Let's also bear in mind that the girls' house was on the fringe of a rough area of town, with questionable characters hanging around the nearby basketball court and shooting up in the undergrowth surrounding the house. I would be fairly certain that all the girls in the house would be well aware of the insalubrious nature of their neighbourhood. So even something like a broken window might be seen initially as either a botched break-in by a local addict looking for a way to support his fix, or even as general anti-social behaviour from one of the less-than-savoury local characters. It most certainly doesn't imply crimes of violence against people. Even small amounts of blood in the bathroom, and faeces in the toilet, do not imply any level of personal violence - if anything, these tally more with a confused addict and maybe a minor bleeding accident from either the addict or one of the other housemates.

And there's also no reason why any of the housemates should have leaped to the conclusion that Meredith might be (or might have been) harmed in any way. A locked bedroom door is not an indicator of that, nor is the small amount of blood in the bathroom, and nor necessarily is the lack of response from her mobile phones. As far as the girls in the house knew, Meredith might just as easily decided to crash out at the house of one of her English friends, or she might conceivably have hooked up with someone that night and stayed over at his place. I'm not making value judgments here, but I can be pretty sure that either of these possibilities (especially the former) would have seemed far more realistic to Meredith's housemates that morning than the possibility that she might have been harmed in any way.

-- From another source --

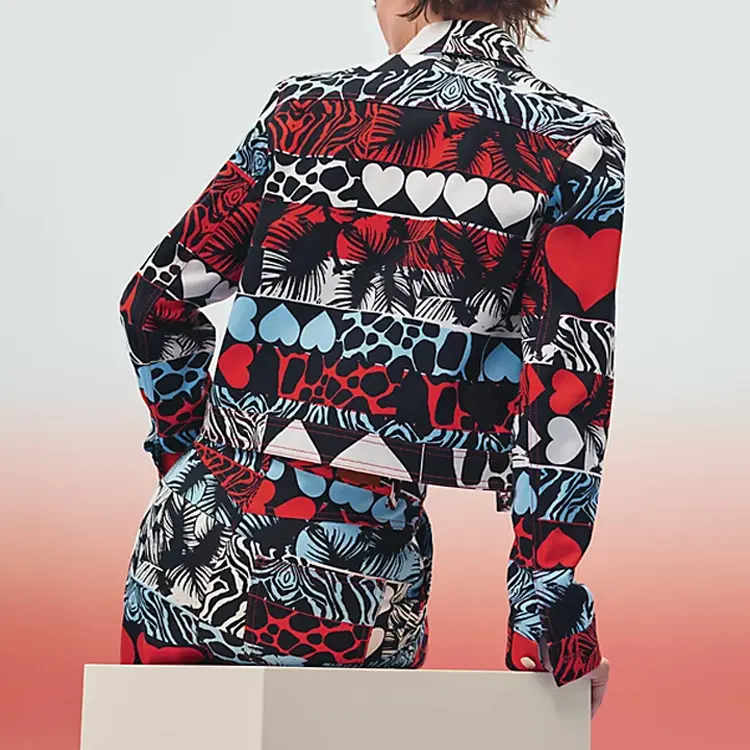 Куртка джинсовая женская Hermes, черный / белый / красный

* And even if we assume that AK and RS were involved in the murder, while it clearly changes they way in which these two people might have acted prior to the discovery of Meredith's body, it doesn't change the way in which any of the other might have reacted.
 
It's not subjective opinion that multiple-attacker sex murders involving couples teaming up with a perfect stranger to kill someone in the attacker's own home either never happen, or happen so incredibly rarely that there has never been a similar case. It's not subjective opinion that the prosecutor cooked up a multiple-attacker theory at the start of the investigation, and then embroidered it to fit the cast of suspects he ended up being forced to use (once his originally preferred suspect, Lumumba, walked). It's been alleged that this is consistent with similar fanciful behaviour on the same prosecutor's part at another time, and while that allegation doesn't rise to the level of proof beyond reasonable doubt it corroborates the idea that Mignini was a poor prosecutor who was not well-connected to reality.

______________________

Not a perfect stranger. Rudy was an acquaintance of Amanda.

Amanda had socially interacted with Rudy, in person---in one way or another---on several occasions prior to the murder. In her court testimony she places the number of times at "three or four."